Tuesday, October 23, 2007

I am going back to contracting

The U.S. State Department is unable to account for most of $1.2 billion in funding that it gave to DynCorp International to train Iraqi police, a government report said Tuesday.

"The bottom line is that State can't account for where it went," said Glenn D. Furbish, who was involved in putting together the 20-page report for the special inspector general for Iraq reconstruction (SIGIR).

The Department of State's Bureau for International Narcotics and Law Enforcement Affairs (INL) "did not have the information needed to identify what DynCorp provided under the contract or how funds were spent," the report said.

As a result, the audit agency announced it has suspended its oversight of the agency's project until INL gathers the information.

"Their records are just not detailed," Furbish said Monday in a telephone interview. "From an audit perspective, we've identified the problem; they're working to rectify the problem."

Though Iraqi police have indeed been trained and equipment has been provided under the contract, invoices and supporting paperwork submitted by DynCorp "were in disarray," the report said.
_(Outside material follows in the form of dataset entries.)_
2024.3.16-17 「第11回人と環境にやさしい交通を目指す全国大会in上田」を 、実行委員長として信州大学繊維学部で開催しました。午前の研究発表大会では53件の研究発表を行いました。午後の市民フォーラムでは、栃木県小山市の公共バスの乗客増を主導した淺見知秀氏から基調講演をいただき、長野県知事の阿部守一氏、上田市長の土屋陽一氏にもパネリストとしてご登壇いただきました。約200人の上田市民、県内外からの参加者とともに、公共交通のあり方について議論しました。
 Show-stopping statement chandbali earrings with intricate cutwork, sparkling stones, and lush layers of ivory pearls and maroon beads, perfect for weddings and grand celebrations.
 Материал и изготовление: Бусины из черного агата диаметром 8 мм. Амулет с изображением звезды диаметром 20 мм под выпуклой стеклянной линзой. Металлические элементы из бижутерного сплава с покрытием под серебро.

In addition, INL "had not validated the accuracy" of invoices received prior to last October, and "INL does not know specifically what it received for most of the $1.2 billion in expenditures under its DynCorp contract for the Iraqi Police Training Program."
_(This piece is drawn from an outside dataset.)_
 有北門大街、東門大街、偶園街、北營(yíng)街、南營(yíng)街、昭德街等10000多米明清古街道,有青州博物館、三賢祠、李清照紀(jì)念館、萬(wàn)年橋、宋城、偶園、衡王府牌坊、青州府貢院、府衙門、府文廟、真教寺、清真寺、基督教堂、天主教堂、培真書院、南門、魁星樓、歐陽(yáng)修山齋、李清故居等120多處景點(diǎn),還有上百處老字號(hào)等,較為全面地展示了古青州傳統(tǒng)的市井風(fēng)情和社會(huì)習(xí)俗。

The lack of controls "created an environment vulnerable to waste and fraud," the report said.
State Department spokeswoman Susan Pittman said a number of reforms have been made since January. "We are committed to continuous improvement," she said.

Continuous improvement starting with a process that didn't function at all for years seems to be setting pretty damned low expectations. I wonder what happened late last year that might have made State say "hey maybe we should audit this". If this was going on in a private company there would be firings, grand juries would be formed and lawsuits would be be filed to try to get back some of the money. Instead, in our world .. the company gets new contracts.

When i was a consultant, if I fucked around my clients and said "yeah yeah just pay me" I wouldn't get hired again and certainly wouldn't get paid. I guess I was doing something wrong.